Keep the pictures out. Copy every line of the listing exactly.

Data under study ->
++++++++++++++++++++
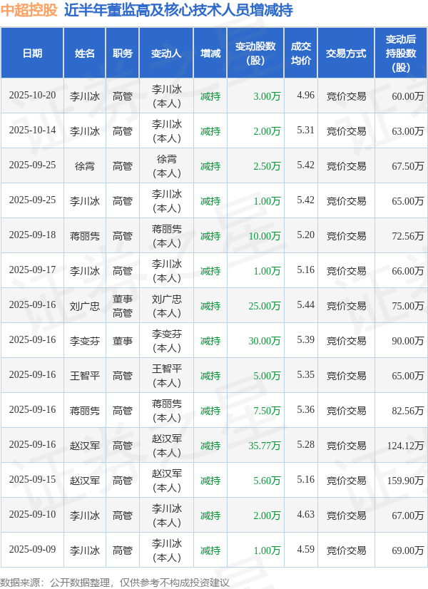 中超控股近半年内的董监高及核心技术人员增减持详情如下:
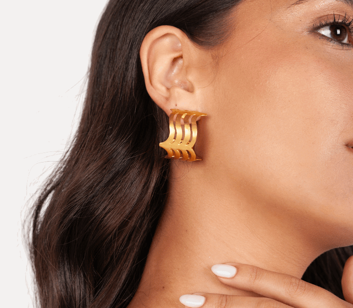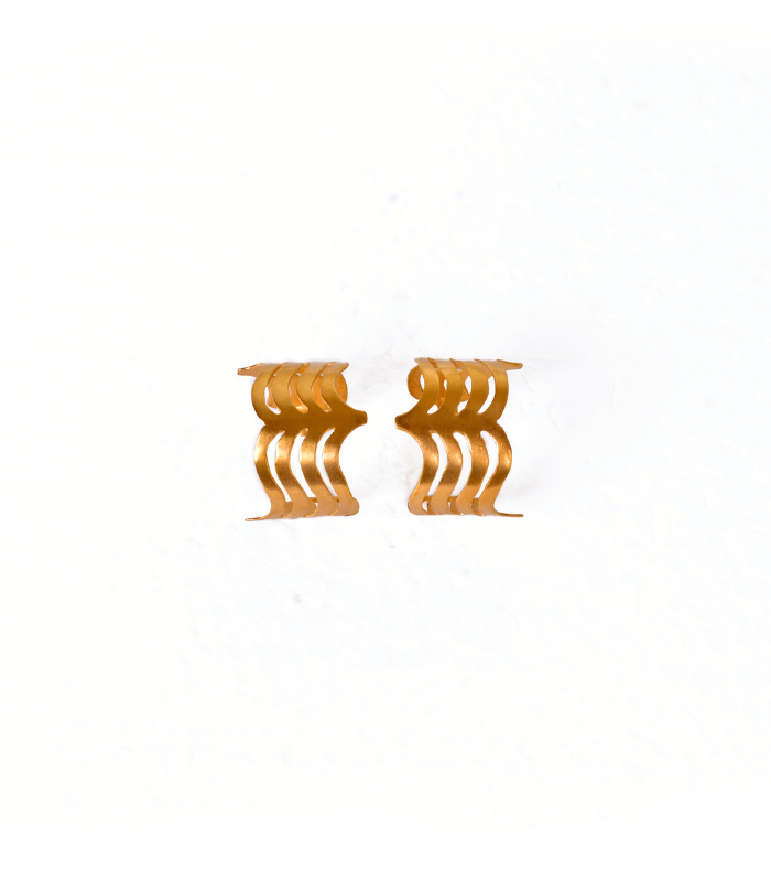 Todas las piezas son de brass con baño en oro de 24kt, acabado en oro mate, hechas a mano en Colombia.
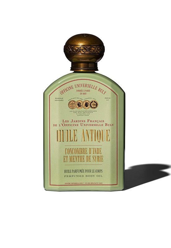 OFFICINE UNIVERSELLE BULY This beautifying treatment, dry to the touch, it is extremely nourishing thanks to a synergy between oils: sesame, apricot, coconut and castor oil. As soon as it is applied, skin regains its suppleness and sacred splendour leaving a trail of  fruity and iodine notes, governed by the greenness of cucumber and mint.
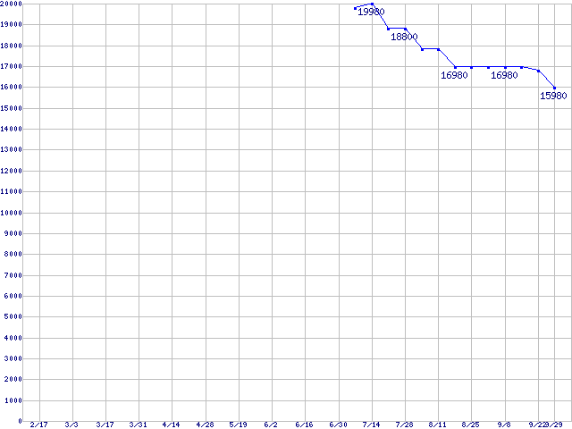 | Socket 478 (FC-PGA2,FSB 800MHz,L2 512KB,Hyper-Threading,Northwood)の最安値推移 | | | (2006年2月17日~2006年9月29日) |
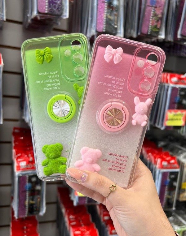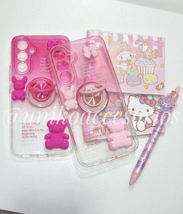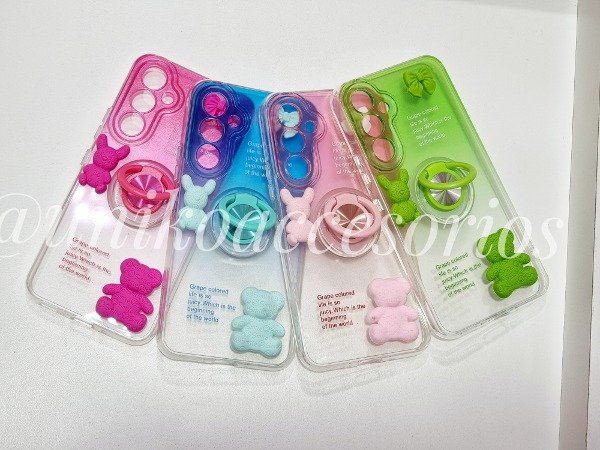 Funda tpu colores transparente ( stock fucsia) con apliques dibujos 3d ,con protector de cámara
++++++++++++++++++++
Result for this exercise ->
 中超控股近半年内的董监高及核心技术人员增减持详情如下:
 Todas las piezas son de brass con baño en oro de 24kt, acabado en oro mate, hechas a mano en Colombia.
 OFFICINE UNIVERSELLE BULY This beautifying treatment, dry to the touch, it is extremely nourishing thanks to a synergy between oils: sesame, apricot, coconut and castor oil. As soon as it is applied, skin regains its suppleness and sacred splendour leaving a trail of  fruity and iodine notes, governed by the greenness of cucumber and mint.
 | Socket 478 (FC-PGA2,FSB 800MHz,L2 512KB,Hyper-Threading,Northwood)の最安値推移 | | | (2006年2月17日~2006年9月29日) |
 Funda tpu colores transparente ( stock fucsia) con apliques dibujos 3d ,con protector de cámara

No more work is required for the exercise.